In readiness for a Sunday launch, B1051—blackened and scorched from its five previous high-energy launches and re-entries—was trundled horizontally out to Pad 39A on Saturday, mated with a sparkling-new second stage and twice-flown payload fairing “halves”. It was elevated to the vertical and its nine Merlin 1D+ engines were briefly ignited for a Static Fire Test.
Such tests were for many years a customary feature of all missions, but for the first time in 2020 were not seen on every Starlink flight. But with engine difficulties having hampered the most recent attempt to get a beleaguered Block III Global Positioning System (GPS) navigation and timing satellite airborne for the U.S. Space Force earlier in “Scrubtober”, it seems unsurprising that SpaceX is erring on the side of caution.
Following a smooth 8:25 a.m. EDT liftoff, B1051 powered uphill for the first 2.5 minutes of Sunday’s ascent, providing 1.5 million pounds (680,000 kg) of thrust to get the 230-foot-tall (70-meter) Falcon 9 to the edge of space. It then separated from the stack and commenced its descent back to a pinpoint touchdown on the Autonomous Spaceport Drone Ship (ASDS), “Of Course I Still Love You”, about 390 miles (620 km) offshore in the Atlantic Ocean.
In completing its sixth flight in 19.5 months, B1051 has now executed five ASDS landings and one touchdown on solid ground at Landing Zone (LZ)-4 at Vandenberg Air Force Base, Calif. Among its other accolades, in April 2020 it flew SpaceX’s 84th mission, which allowed the Falcon 9 to formally surpass United Launch Alliance’s (ULA) venerable Atlas V as the most-flown rocket in active operational service in the United States.

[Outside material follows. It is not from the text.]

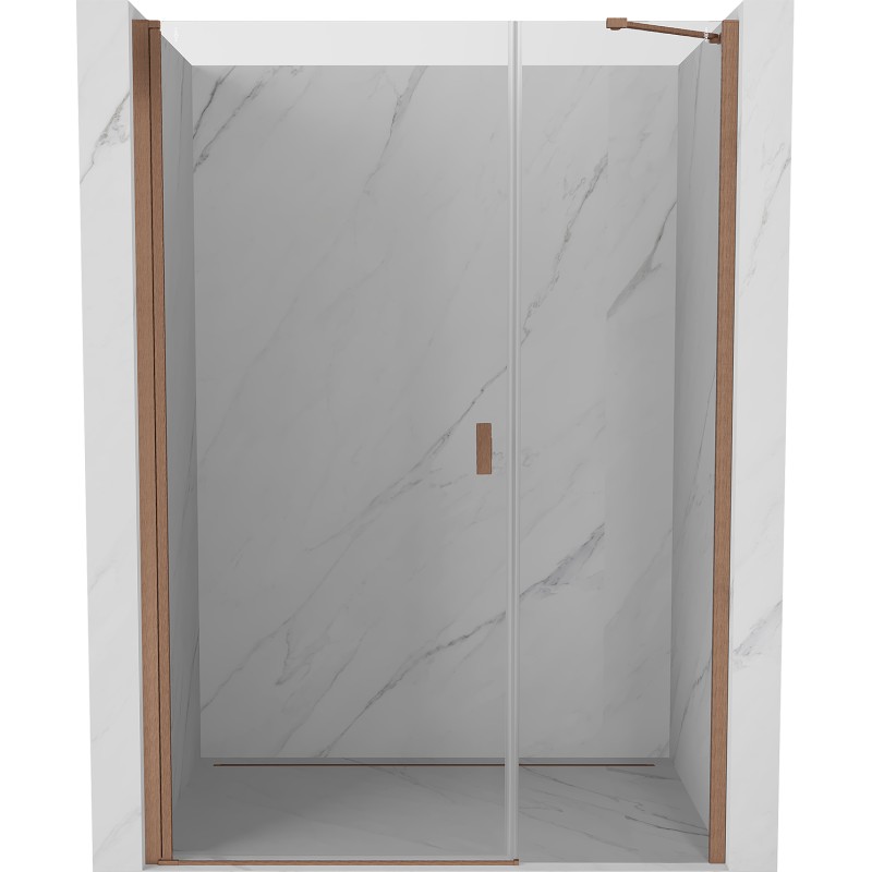 Špecifikácia produktu: Rozmer: 95x200 cm Strana montáže: Univerzálny Vchod: Výklopný Farba skla: Priehľadná Povrchová úprava: Kartáčovaná meď Profil: Hliník Konzola: Nerezová oceľ Typ skla: Tvrdené Hrúbka skla: 6 mm Povrchová úprava pre ľahké čistenie Nastaviteľná šírka Možnosť inštalácie zdvíhanie a spúšťanie dverí Magnetický prúžok a elastomérové tesnenie pre odtok vody Hliníkový prah tesnenia dverí

But not everything has gone smoothly for B1051 this year. Its fifth mission to deliver 57 Starlinks and the Global-7 and Global-8 “rideshare” passengers for Spaceflight, Inc.’s customer, BlackSky, Inc., suffered no less than three scrubbed launch attempts due to a combination of poor weather and technical issues. This pushed its launch from late June into the middle of July, before it eventually flew in the hours of darkness on 7 August.
Barely will the dust have settled at Pad 39A than another Falcon 9 will launch at 12:36 p.m. EDT Wednesday from neighboring Space Launch Complex (SLC)-40 at Cape Canaveral Air Force Station. Flying the veteran B1060 core—which previously saw service in June to launch a GPS Block III satellite and early last month flight—will be another batch of Starlinks, bringing the total number of these low-orbiting satellites launched since May 2019 to 893.
And an on-time launch after midday Wednesday will mark out B1060 for two records: just 113 days for the shortest time it has taken a Falcon 9 core to log three missions and only 48 days for the shortest interval between two missions by a single booster.
Weather conditions for Wednesday and the backup attempt on Thursday are currently expected to be around 60-percent-favorable, with a risk of violating the Cumulus Cloud Rule and Thick Cloud Rule. “The gradient between high pressure sliding from the Mid-Atlantic coast into the western Atlantic and a stalled frontal boundary just southeast of Florida will bring a breezy and showery pattern that will remain in place across the region through at least mid-week,” the 45th Weather Squadron noted in its Sunday morning L-3 update.
“In general, expect periodic onshore-moving showers with gusty winds to affect the Spaceport. An easterly wave well to the south of the region will shift the old boundary back across the state by mid-week, bringing enhanced moisture, cloud cover and instability with a period of higher shower coverage. The primary weather concerns…will be Cumulus Clouds associated with Atlantic showers, as well as Thick Clouds associated with the enhanced moisture.”